Segment Start: PROVIDED MATERIAL

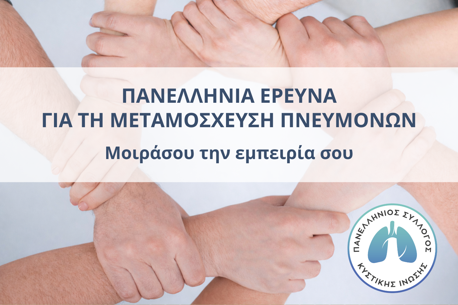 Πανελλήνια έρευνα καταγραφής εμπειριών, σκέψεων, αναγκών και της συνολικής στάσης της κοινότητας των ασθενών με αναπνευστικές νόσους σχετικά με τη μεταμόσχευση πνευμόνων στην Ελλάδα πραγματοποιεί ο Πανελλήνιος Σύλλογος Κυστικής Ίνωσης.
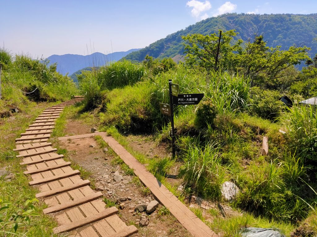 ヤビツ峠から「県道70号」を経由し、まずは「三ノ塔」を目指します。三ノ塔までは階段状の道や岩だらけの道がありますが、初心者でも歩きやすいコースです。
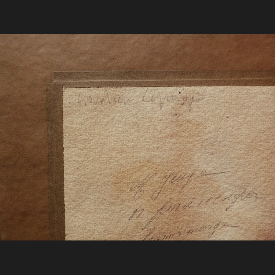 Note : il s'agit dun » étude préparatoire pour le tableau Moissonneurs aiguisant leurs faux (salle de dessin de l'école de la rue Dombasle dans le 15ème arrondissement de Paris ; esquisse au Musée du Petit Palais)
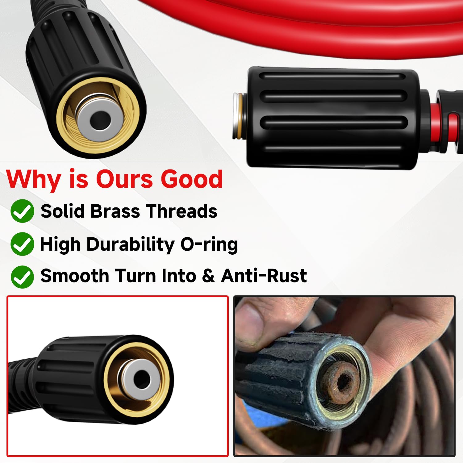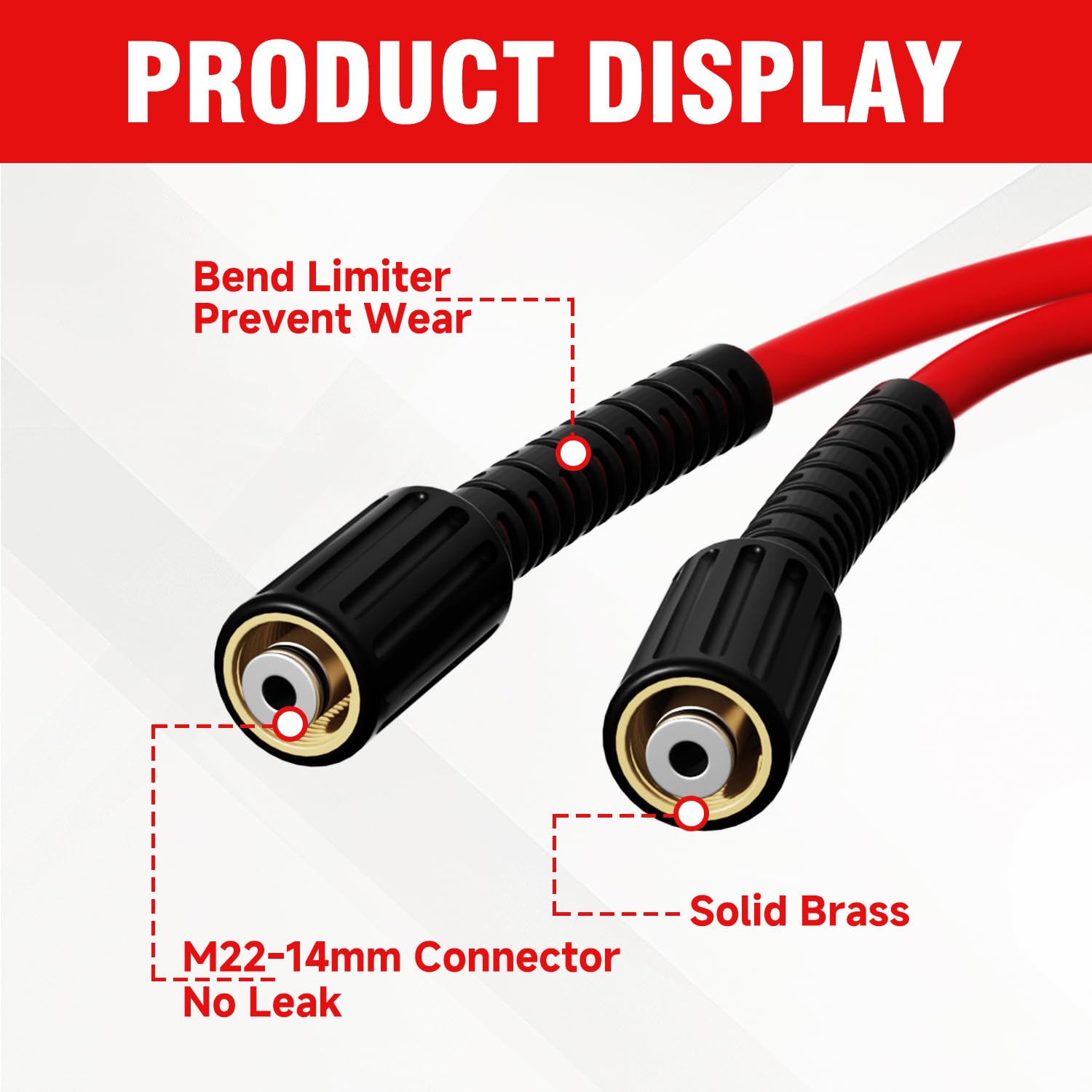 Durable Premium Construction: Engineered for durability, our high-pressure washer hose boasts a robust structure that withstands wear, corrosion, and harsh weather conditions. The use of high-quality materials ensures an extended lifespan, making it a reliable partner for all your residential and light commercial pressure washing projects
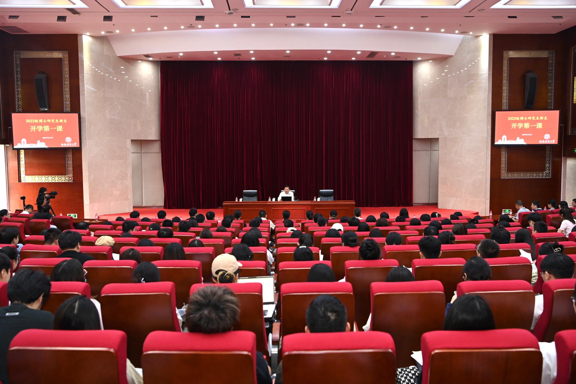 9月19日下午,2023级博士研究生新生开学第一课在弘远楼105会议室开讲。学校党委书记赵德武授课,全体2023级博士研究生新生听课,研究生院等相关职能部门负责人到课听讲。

Segment End: PROVIDED MATERIAL
Segment Start: PROVIDED MATERIAL

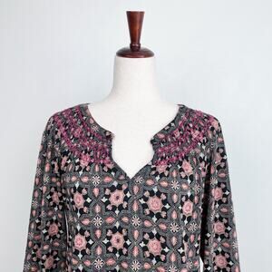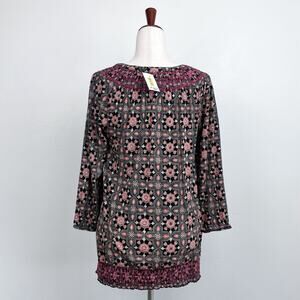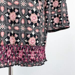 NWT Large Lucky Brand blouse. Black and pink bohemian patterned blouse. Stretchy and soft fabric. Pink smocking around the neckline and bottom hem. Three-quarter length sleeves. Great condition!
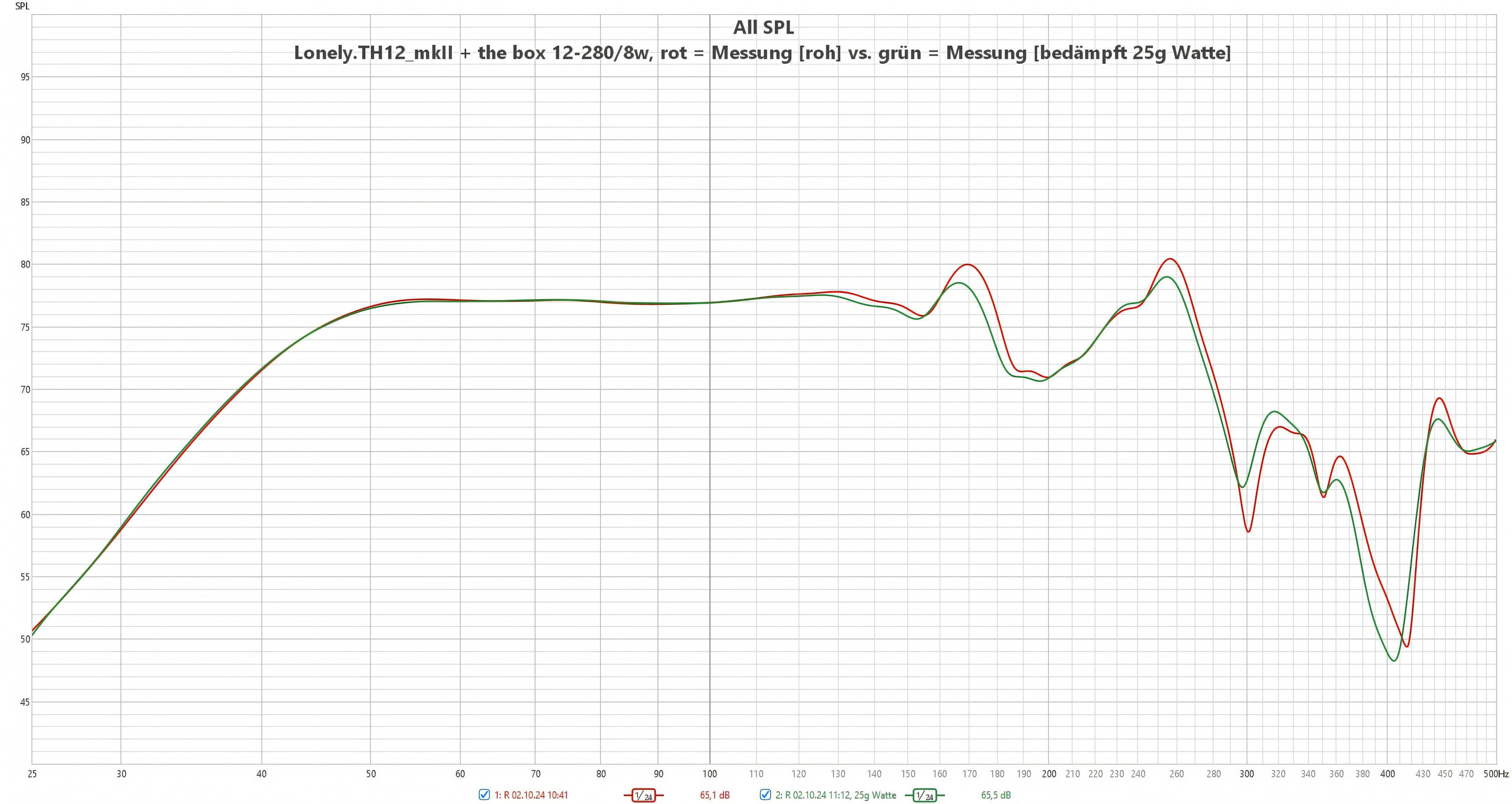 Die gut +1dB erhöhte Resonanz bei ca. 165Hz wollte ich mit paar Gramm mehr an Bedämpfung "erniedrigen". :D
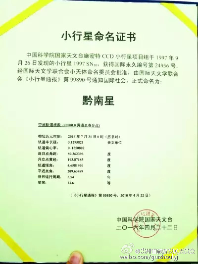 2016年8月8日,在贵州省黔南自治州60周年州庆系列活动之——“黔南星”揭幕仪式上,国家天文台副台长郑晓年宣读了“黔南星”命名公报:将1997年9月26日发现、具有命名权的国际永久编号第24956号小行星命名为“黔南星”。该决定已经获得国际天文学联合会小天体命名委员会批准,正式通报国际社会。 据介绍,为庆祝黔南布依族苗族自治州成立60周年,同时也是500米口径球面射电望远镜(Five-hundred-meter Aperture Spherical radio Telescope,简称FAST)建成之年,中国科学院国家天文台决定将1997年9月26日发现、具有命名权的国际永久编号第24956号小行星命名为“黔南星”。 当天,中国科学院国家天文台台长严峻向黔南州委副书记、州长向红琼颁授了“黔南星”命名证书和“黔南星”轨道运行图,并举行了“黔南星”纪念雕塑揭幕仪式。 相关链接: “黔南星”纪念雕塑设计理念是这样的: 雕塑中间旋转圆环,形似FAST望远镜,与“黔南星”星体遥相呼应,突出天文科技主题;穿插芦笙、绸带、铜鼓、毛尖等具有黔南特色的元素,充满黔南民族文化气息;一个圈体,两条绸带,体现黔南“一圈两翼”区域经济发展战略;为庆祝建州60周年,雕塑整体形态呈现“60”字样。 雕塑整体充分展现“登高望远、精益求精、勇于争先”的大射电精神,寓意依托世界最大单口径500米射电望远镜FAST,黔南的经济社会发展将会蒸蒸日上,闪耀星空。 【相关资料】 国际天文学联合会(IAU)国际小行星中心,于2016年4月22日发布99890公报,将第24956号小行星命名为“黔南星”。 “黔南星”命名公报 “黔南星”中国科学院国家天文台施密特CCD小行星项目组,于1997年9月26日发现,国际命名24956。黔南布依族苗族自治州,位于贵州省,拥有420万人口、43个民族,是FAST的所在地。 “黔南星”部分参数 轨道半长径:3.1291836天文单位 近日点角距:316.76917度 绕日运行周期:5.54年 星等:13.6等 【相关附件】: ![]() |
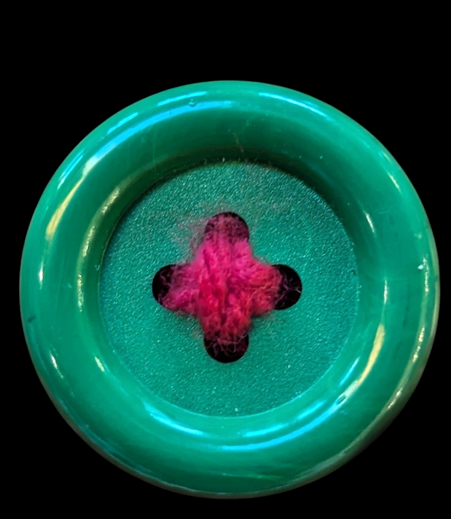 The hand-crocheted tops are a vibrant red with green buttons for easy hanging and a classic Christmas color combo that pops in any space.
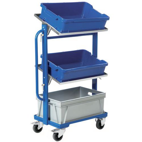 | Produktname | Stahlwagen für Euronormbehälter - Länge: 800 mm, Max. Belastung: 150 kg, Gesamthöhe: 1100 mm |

Segment End: PROVIDED MATERIAL
Segment Start: PROVIDED MATERIAL

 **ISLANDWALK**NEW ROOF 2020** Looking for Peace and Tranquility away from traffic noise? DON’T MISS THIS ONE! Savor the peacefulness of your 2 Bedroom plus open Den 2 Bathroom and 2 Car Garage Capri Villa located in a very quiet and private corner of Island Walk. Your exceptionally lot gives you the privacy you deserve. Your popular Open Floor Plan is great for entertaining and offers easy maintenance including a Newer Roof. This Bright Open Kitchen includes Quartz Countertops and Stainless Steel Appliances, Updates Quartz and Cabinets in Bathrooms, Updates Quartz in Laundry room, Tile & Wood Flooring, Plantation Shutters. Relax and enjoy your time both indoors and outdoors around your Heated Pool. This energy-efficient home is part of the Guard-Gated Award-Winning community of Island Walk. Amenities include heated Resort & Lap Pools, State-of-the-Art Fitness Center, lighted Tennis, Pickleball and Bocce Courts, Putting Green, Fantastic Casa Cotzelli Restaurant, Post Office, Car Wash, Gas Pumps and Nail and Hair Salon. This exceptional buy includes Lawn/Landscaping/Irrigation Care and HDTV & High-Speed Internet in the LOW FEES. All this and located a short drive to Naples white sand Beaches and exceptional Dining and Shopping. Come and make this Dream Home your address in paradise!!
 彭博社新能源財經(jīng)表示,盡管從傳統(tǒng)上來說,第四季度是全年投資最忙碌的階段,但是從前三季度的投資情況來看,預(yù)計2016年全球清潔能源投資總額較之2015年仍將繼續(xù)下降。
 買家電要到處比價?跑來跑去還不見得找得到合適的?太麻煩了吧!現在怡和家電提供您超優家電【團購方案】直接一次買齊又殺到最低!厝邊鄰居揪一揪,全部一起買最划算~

Segment End: PROVIDED MATERIAL

TRY IT
Copy out the lines above from the line containing "Durable Premium Construction: Engineered" through the line containing "9月19日下午,2023级博", exactly, and keep the pictures out.

RESPONSE
 Durable Premium Construction: Engineered for durability, our high-pressure washer hose boasts a robust structure that withstands wear, corrosion, and harsh weather conditions. The use of high-quality materials ensures an extended lifespan, making it a reliable partner for all your residential and light commercial pressure washing projects
 9月19日下午,2023级博士研究生新生开学第一课在弘远楼105会议室开讲。学校党委书记赵德武授课,全体2023级博士研究生新生听课,研究生院等相关职能部门负责人到课听讲。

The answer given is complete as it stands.